== Available data

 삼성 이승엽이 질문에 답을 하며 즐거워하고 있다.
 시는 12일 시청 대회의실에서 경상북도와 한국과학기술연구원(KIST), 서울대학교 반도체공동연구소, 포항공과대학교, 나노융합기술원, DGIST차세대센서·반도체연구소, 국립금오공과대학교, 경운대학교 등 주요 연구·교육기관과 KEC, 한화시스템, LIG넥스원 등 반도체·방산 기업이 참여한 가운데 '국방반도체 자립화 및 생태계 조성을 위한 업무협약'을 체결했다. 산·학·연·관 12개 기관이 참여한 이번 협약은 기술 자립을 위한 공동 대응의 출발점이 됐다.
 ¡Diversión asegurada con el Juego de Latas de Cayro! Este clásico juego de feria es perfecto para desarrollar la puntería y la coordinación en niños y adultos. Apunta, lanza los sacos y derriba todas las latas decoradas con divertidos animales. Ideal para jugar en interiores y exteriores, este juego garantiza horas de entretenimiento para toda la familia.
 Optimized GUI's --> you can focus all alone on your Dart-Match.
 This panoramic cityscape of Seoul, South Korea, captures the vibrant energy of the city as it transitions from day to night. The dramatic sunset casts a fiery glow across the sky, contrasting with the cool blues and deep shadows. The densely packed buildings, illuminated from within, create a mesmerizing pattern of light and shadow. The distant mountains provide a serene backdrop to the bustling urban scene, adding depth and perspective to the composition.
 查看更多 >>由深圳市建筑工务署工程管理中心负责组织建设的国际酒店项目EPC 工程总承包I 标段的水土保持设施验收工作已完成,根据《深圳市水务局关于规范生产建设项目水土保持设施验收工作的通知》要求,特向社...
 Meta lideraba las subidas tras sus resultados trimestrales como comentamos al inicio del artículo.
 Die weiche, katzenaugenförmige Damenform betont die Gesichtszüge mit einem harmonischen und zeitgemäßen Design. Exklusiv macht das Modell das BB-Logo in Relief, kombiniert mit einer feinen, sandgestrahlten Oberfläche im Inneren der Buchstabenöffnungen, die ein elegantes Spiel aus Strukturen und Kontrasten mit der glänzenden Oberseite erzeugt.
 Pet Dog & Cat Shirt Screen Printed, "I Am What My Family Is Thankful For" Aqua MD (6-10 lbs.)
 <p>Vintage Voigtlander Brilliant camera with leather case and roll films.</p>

====

● What to produce:
Give again the closing portion of the entries, from the line with "Pet Dog & Cat" through the last line. Keep it exact and add nothing.

● Your solution:
 Pet Dog & Cat Shirt Screen Printed, "I Am What My Family Is Thankful For" Aqua MD (6-10 lbs.)
 <p>Vintage Voigtlander Brilliant camera with leather case and roll films.</p>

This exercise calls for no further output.